Abigail faces a lengthy and challenging recovery process, including months of 24/7 bed rest with nursing support. This places a significant emotional and financial burden on Abigail and her mother, Kalie, who remains by her side.
Despite the odds, Abigail maintains a positive and invincible attitude, focusing on her dreams and aspirations of college and culinary studies. Let's keep it that way.
This is where you can make a life-changing difference. Abigail and Kalie need our support now more than ever. Every donation, no matter how small, brings us closer to helping Abigail regain her life.
Please consider making a donation today to help Abigail and Kalie on their journey to recovery. Every dollar counts and brings us one step closer to giving Abigail the chance to stand on her own two feet again. A single cup of overpriced hospital coffee can be the difference between a confident morning and a complete crushing loss of morale.

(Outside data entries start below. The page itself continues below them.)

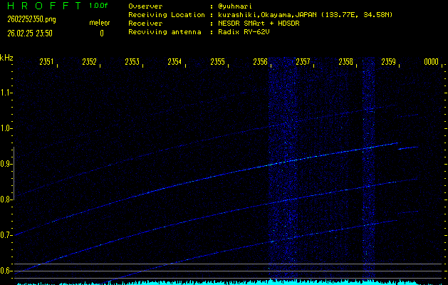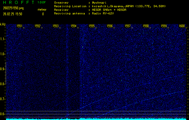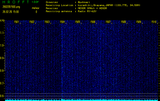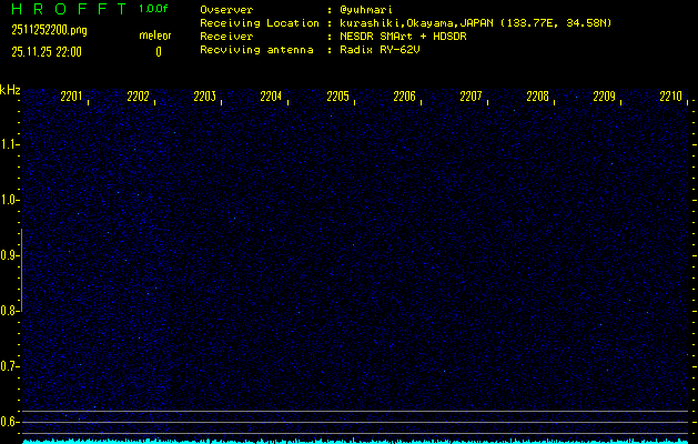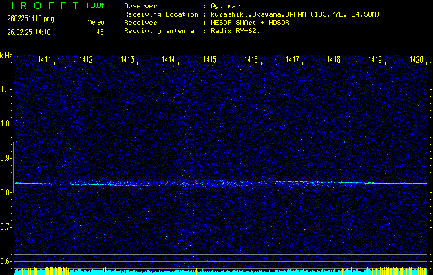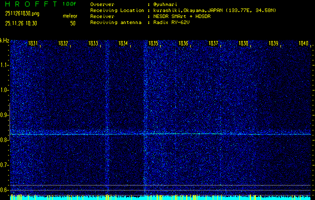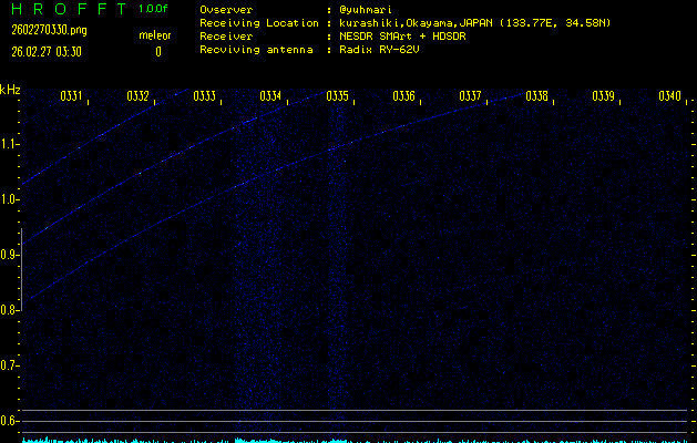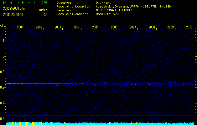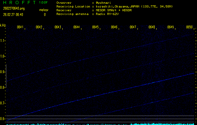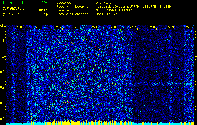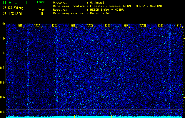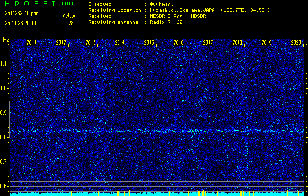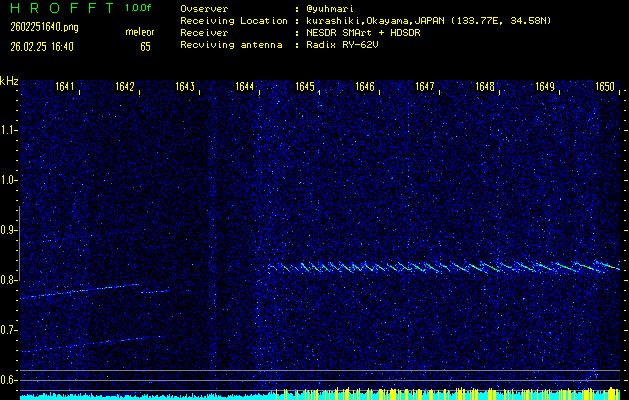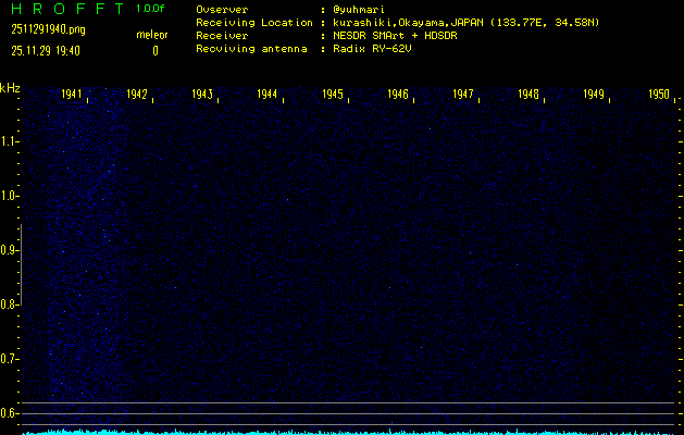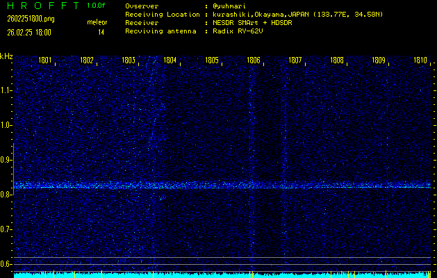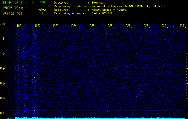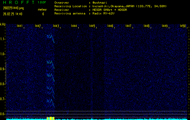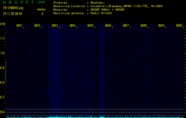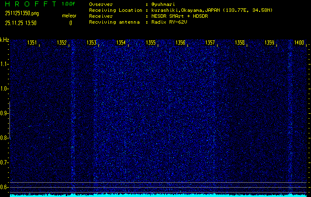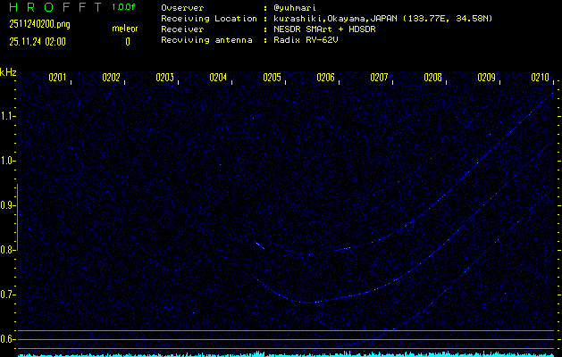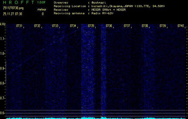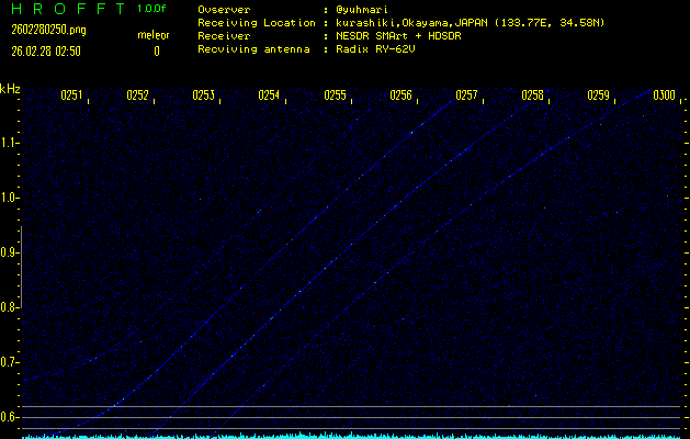 過去のデータは「流星電波観測国際プロジェクト」様サイト内のFRO LIVE in 倉敷(岡山県)でもご覧いただけます。(現在、送信を停止しています)
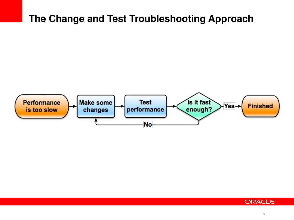 Do you... • Use Google as your first resource? • Use the Oracle Documentation as your second resource? • Believe in tuning databases by changing block size? • Frequently use database parameters to tune queries? • Believe in “Silver Bullet Tuning”? • Blindly apply previously successful solutions? • Practice the “Change and Test” troubleshooting approach?
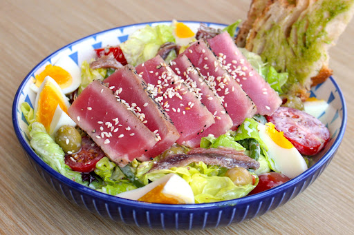 Read moreOne of the best French restaurant in town. The price is reasonable especially during teatime. All afternoon tea sets are served with garden salad or daily soup which was Clam Chowder that day. We ordered a Pan-seared Tuna Salad ($98) comprising of plentiful ingredients such as seared tuna fillets, boiled egg, anchovies, Kalamata olives, cherry tomato and mayonnaise. The crispy french galette was as good as always. I ordered the grilled chicken one which was served with a whole thick chicken thigh fillet, fried egg and Ratatouille and it was only $60! Yet, my all time favourite Norwegian Salmon Fillet ($135) was a bit disappointing as it was a bit overcooked and not juicy enough. No meal is complete without dessert so we ordered a Apple & Lemon Pound Cake ($65). The cake was heated up, making it crispy while being dense and moist inside. The sour-sweet strawberry puree also made it more refreshing and it was so satisfying to eat it with a scoop of...
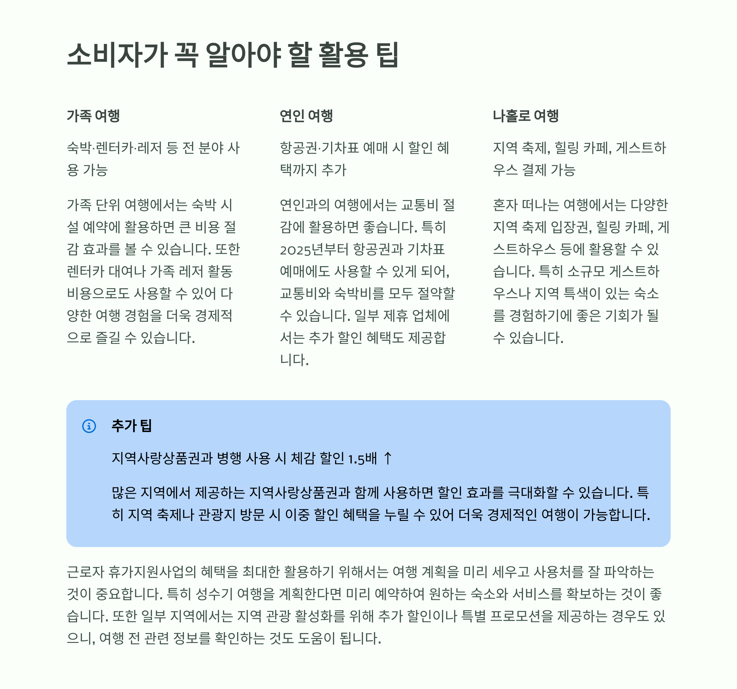 5️⃣ 휴가비 사용 – 숙박, 여행사, 관광지 등에서 현금처럼 사용 가능
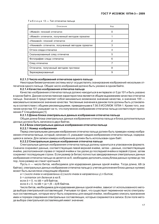 ГОСТ Р ИСО/МЭК 19794-3-2009 Автоматическая идентификация. Идентификация биометрическая. Форматы обмена биометрическими данными. Часть 3. Спектральные данные изображения отпечатка пальца
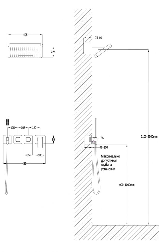 Размер верхнего душа, см:40
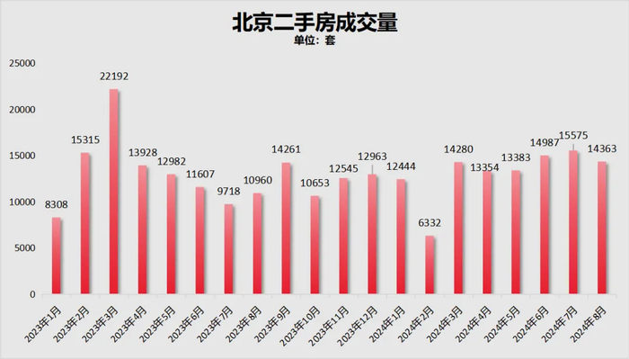 新政作用下,7月份北京的二手房成交量冲破了1.5万套,高达15575套。然而8月份又跌破了1.5万套,为14363套。
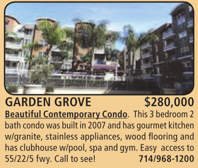 GARDEN GROVE $280,000 Beautiful Contemporary Condo. This 3 bedroom 2 bath condo was built in 2007 and has gourmet kitchen w/granite, stainless appliances, wood flooring and has clubhouse w/pool, spa and gym. Easy access to 55/22/5 fwy. Call to see! 714/968-1200
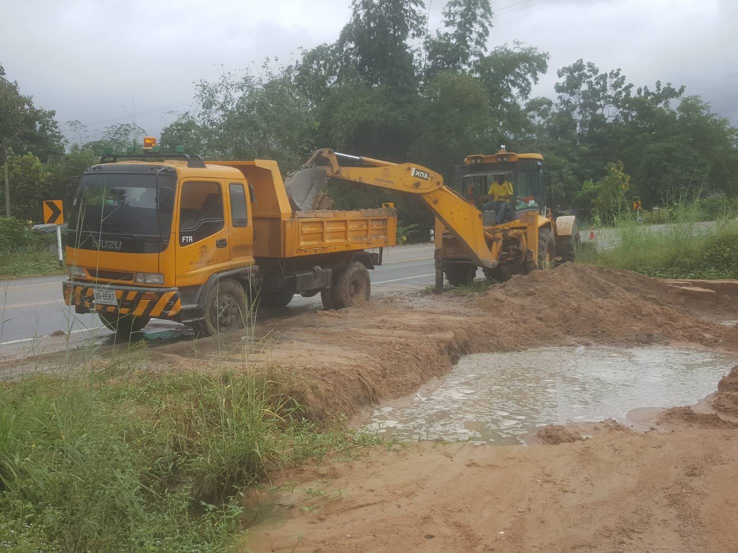 แขวงทางหลวงกำแพงเพชร โดย หมวดทางหลวงคลองลานพัฒนา ดำเนินการขุดลอกทางระบายน้ำ ทางหลวงหมายเลย 1117 ตอน คลองแม่ลาย - อุ้มผาง ระหว่าง กม.55+100 เพื่อให้ความสะดวก และปลอดภัยแก่ผู้ใช้เส้นทาง

Even the smallest contributions have a tremendous impact, and we are immensely grateful for your support. Your generosity helps Abigail on her path to recovery.
$5,055 is just barely enough to cover 1 month of living expenses for Abigail and Kalie during this initial critical period. Every dollar donated will be directly spent on making sure that Kalie is able to continue caring for Abigail, not including extended medical care. But it will be enough to allow Kalie to focus on care, coordinate remote education and recovery efforts without facing a crushing financial burden.
Please visit this page regularly for more updates on Abigail's condition on her road to recovery.
Thank you for your support and for being a part of this incredible success story—a community coming together to rebuild a life and a future.
Update: Sunday November 12th, 6:38 pm EST 2023
Abigail is back in the ICU recovering from her second surgery, and she has a new bionic arm!